Question:It seems that plumbing in my house has a problem with water hammer. First, I thought it only occurs when toilet tanks are filling back with water, but I realized that it happens whenever water is used anywhere in home. It just that water hammer is not as bad when I use faucets. So I've been trying to figure out where or source of this water hammer. By listening to where the sound is coming from, and by touching the water pipe with my finger tips, I learned that sound is loudest where the main water pipe comes in through the concrete wall. I guess I can install a water hammer arrestor. But I am trying to understand why water hammer is occuring. Here is my guess. Please let me know what you think. There is a branch near this point where pipe leads out to the faucet outside the house. While water tries to flow further into the house, perhaps vacumm is being created in this branch pipe and causing water hammer. Is this possible? What do you think? Thanks!
Answers:
A Plummer once told me that the water hammer was caused by air in the water lines. To cure this he shut off the water at the main and drained all the line by opening all the faucets. After water quit running he turned the water back on leaving the all the faucets open after about a half hour he started turning the faucets off one at a time. When he was finished there was no more hammering sounds. When I say all the facuets I mean all outside and inside.
Introduction-
What is Water Hammer? Water hammer is a pressure shock wave induced in plumbing supply systems whenever there is a sudden change in the steady state condition of a non-compressible liquid such as water. Pumps, valves, faucets, toilets, and fast solenoid-activated valves (such as commonly found in washing machines and dishwashers) are all examples of devices that can induce water hammer within a typical plumbing system. Water hammer can result in noisy, banging sounds as pipes rattle and expand to absorb the pressure wave. Shock waves in typical water pipes travel at up to 4500 feet/second and can exert tremendous instantaneous pressures, sometimes reaching 150 to over 1,000 PSI. If left unchecked, water hammer can damage pipes, valves and eventually weaken joints. However, the lack of noise does not mean that water hammer is not present.

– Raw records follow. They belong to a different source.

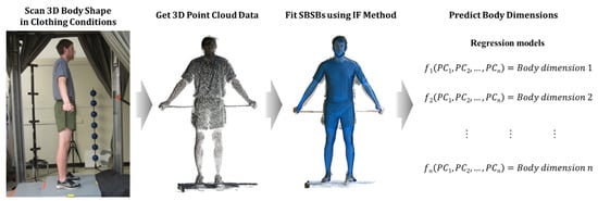 Recently, studies on fitting virtual avatars, such as statistical human models, to clothed body scans have attempted to capture body shapes under clothing (Guan et al., 2010 []; Hasler et al., 2009 []; Hu et al., 2021 []; Pishchulin et al., 2017 []; Yang et al., 2016 []; Lu et al., 2021 []). Bălan and Black (2008) [] presented a model-based body shape estimate system that finds a maximal silhouette-consistent shape to estimate body shape from a number of 2D images. Hasler et al. (2009) [] developed a technique using a statistical body shape model and an iterative closest point (ICP)-based Laplacian mesh deformation approach to predict the body shape of dressed humans. Guan et al. (2010) [] presented a method focusing on two-dimensional models for modeling clothing deformations on the body. Zhang et al. (2017) [] estimated the inner body shape in various postures while recovering surface details. These studies commonly require high computational resources to solve expensive optimization problems in order to estimate body shapes. Also, they focused on estimating visually realistic 3D body shapes rather than measuring body dimensions; thus, the results were not validated against actual dimension measurements. Hu et al. (2021) [] proposed a method that applied machine learning to predict undressed body shapes from dressed human scans by generating a dataset of synthetically combined dressed human and undressed ground truth body shapes.
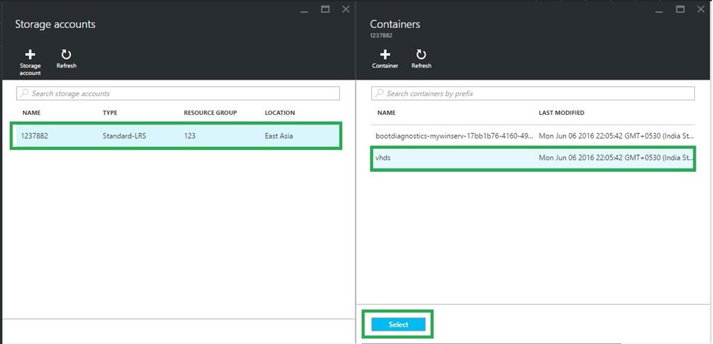 Step 7: Next, In the Backups blade, select the Backup destination. You must select an existing storage account and container.
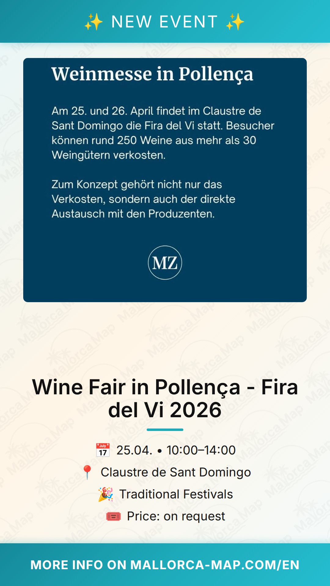 Whether you are a dedicated connoisseur or simply looking for a delightful way to spend a weekend in Mallorca, the Wine Fair in Pollença offers something special. Make sure to arrive early to beat the crowds and give yourself plenty of time to savor the experience. We look forward to seeing you there for a toast to the island's finest pours!
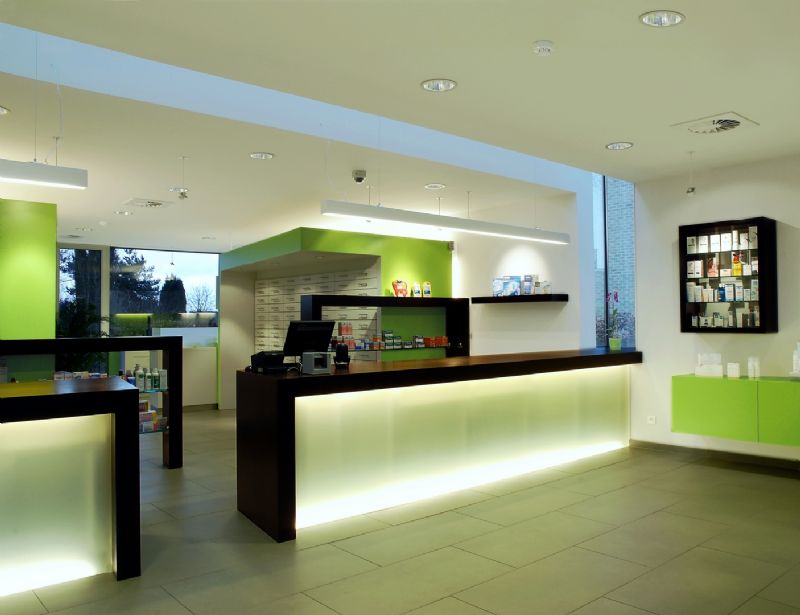 Les maîtres-mots pour l’espace intérieur sont fonctionnalité et jeux de lumière. L’officine est divisée transversalement en quatre zones suivant les fonctions : la zone clients (attente, présentoirs, parapharmacie), le comptoir (accueil, service, conseil), la zone spécialités et déballage, la zone laboratoire et bureau. Cette dernière donnant sur le paysage géométrique du jardin privé. D’est en ouest, l’accueil est traversé par une verrière accentuant la luminosité sur le comptoir ; la nuit sa face avant est baignée d’une lumière diffuse.
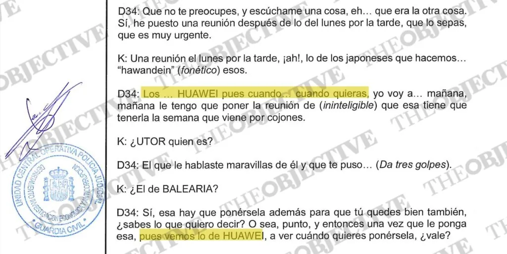 El 18 de noviembre de 2020, Koldo dejó constancia en su grabadora de una conversación telefónica con uno de los responsables de organizar la agenda de Ábalos. El objetivo de la charla era programar una reunión con los «japoneses» de Huawei. Pero tras ese aparente despiste del asesor del ministro, Koldo conocía perfectamente que se trataba de un encargo directo de la compañía china.
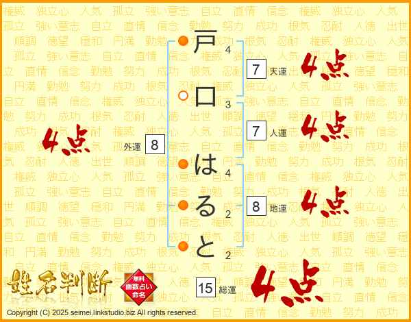 戸口はるとさんの天運は7画の4点!
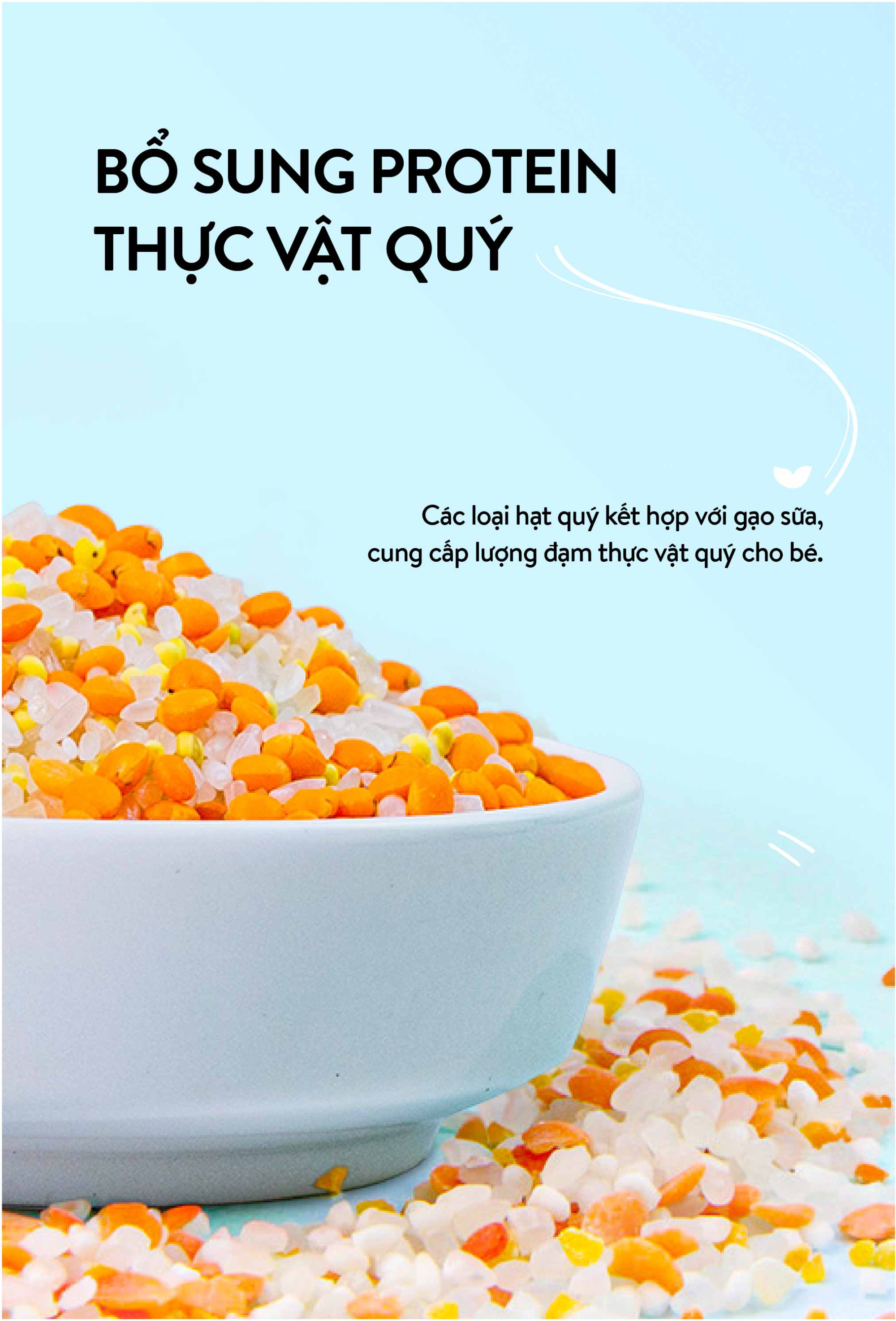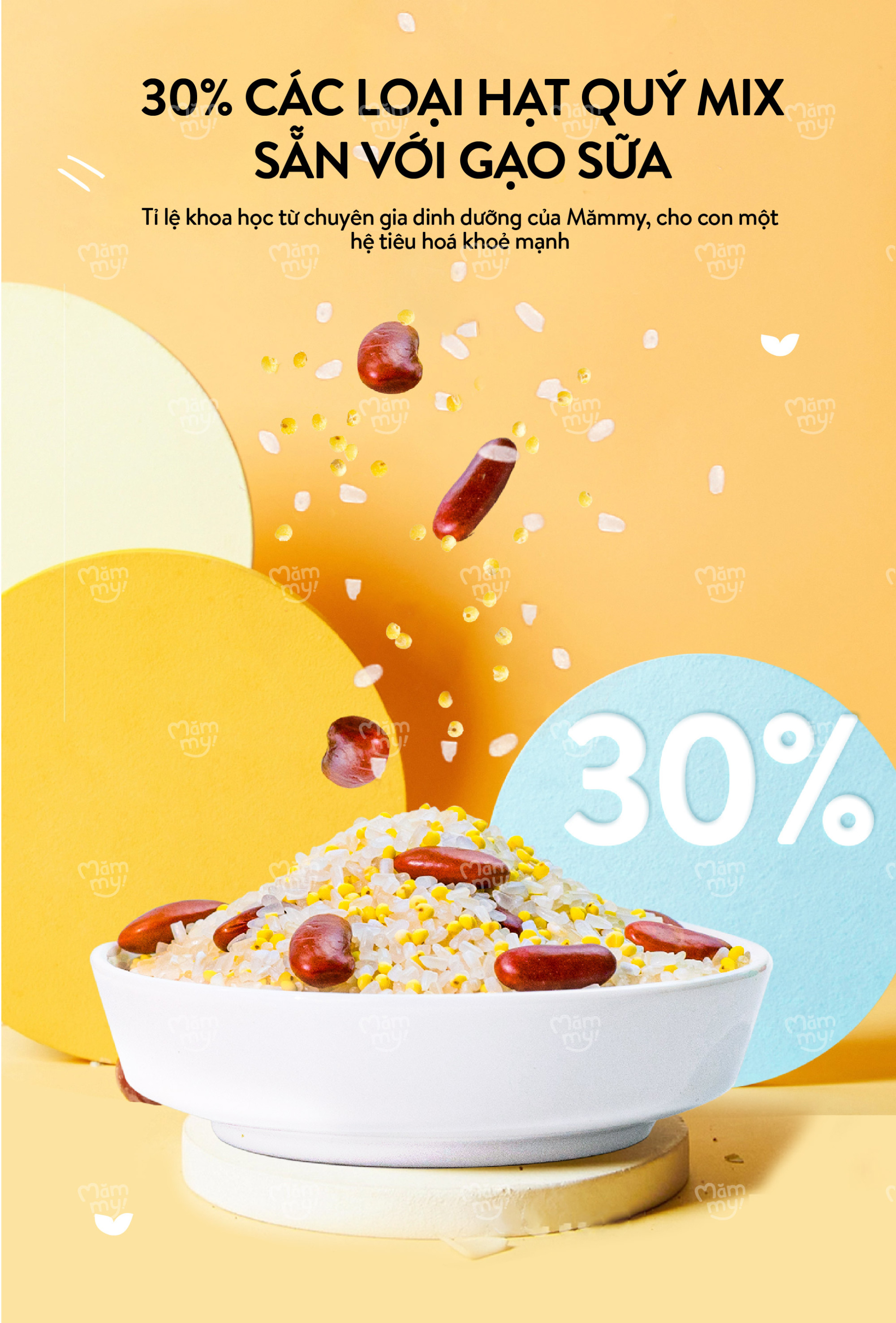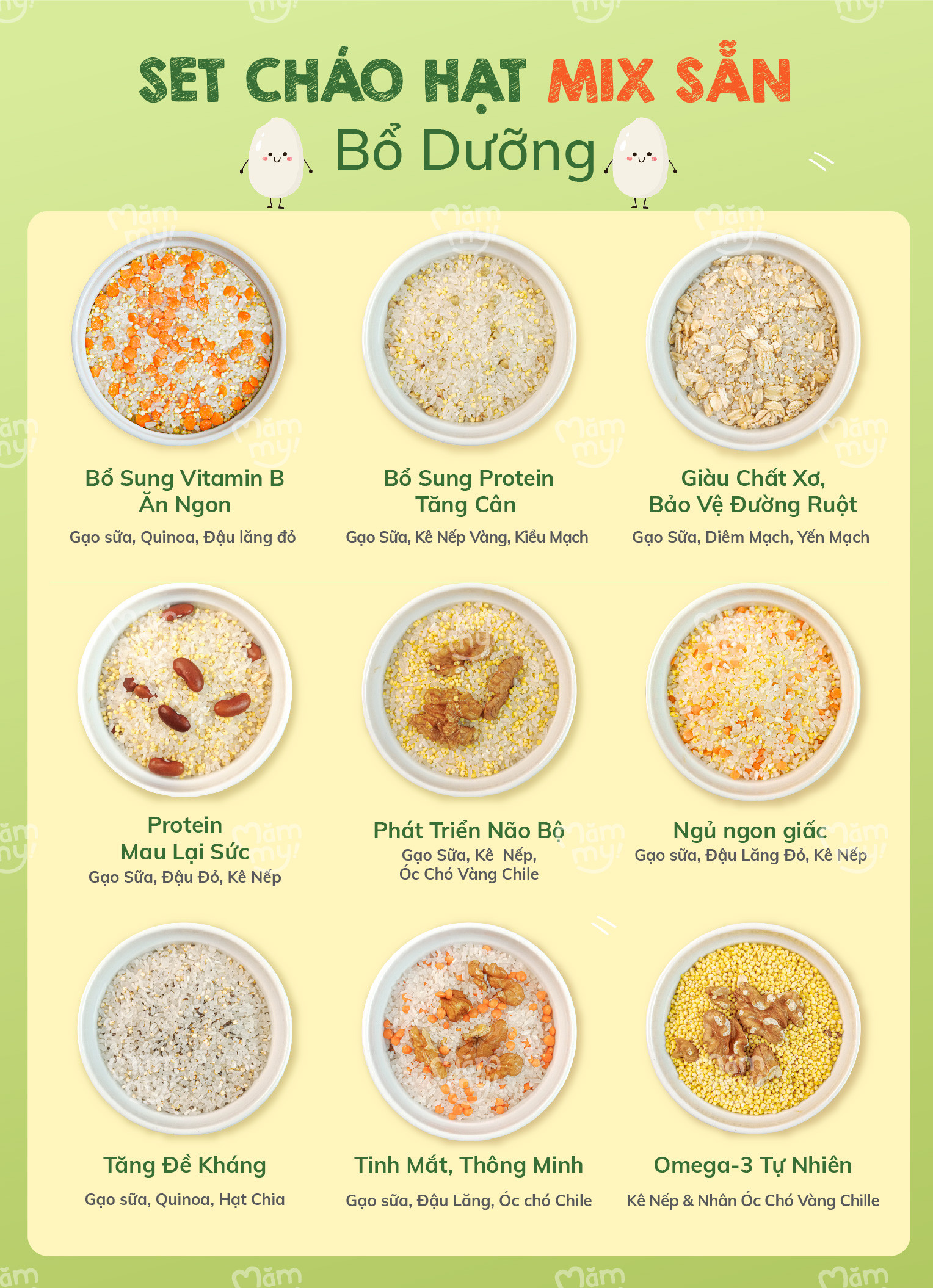 1. Ăn ngon: 70% Gạo sữa, 7% Quinoa, 23% Đậu lăng đỏ 2. Immune Booster: 74% Gạo sữa, 9% Quinoa, 17% Yến mạch 3. Giàu protein: 62% Gạo sữa, 17% Đậu đỏ, 21% Kê nếp 4. Ngủ ngon: 70% Gạo sữa, 15% Đậu lăng đỏ, 15% Kê nếp 5. Omega 3 tự nhiên: 88% Kê nếp, 12% Nhân óc chó vàng Chile 6. Brain booster: 67% Gạo sữa, 26% Kê nếp, 7% Óc chó vàng Chile 7. Tăng cân: 74% Gạo sữa, 22% Kê nếp vàng, 4% Kiều mạch 8. Tăng đề kháng: 72% Gạo sữa, 25% Quinoa, 3% Hạt chia 9. Tinh mắt: 70% Gạo sữa, 22% Đậu lăng đỏ, 8% Óc chó Chile

Several factors exacerbate water hammer and are generally traceable to inadequate system design and installation. These include:
Improperly sized supply lines for given peak water flow velocity;
Excessive system water pressure and lack of pressure-reducing apparatus;
Inadequate strapping or securing of plumbing to structure;
Excessively long straight runs with no bends;
Lack of expansion tank or other dampening system, such as water hammer arresters;
Newton's law states that for "every action there is an equal and opposite reaction." If water is flowing into a washing machine then is suddenly shut off, the kinetic energy of the flowing water reverses direction and must be dissipated during the transition to a steady state. This energy is initially reflected back through the plumbing system in a direction opposite to the original flow, creating an oscillating shock wave. Depending on the extent of the shock wave, a loud banging or rattling sound can be heard as pipes expand and move as the shock wave dissipates.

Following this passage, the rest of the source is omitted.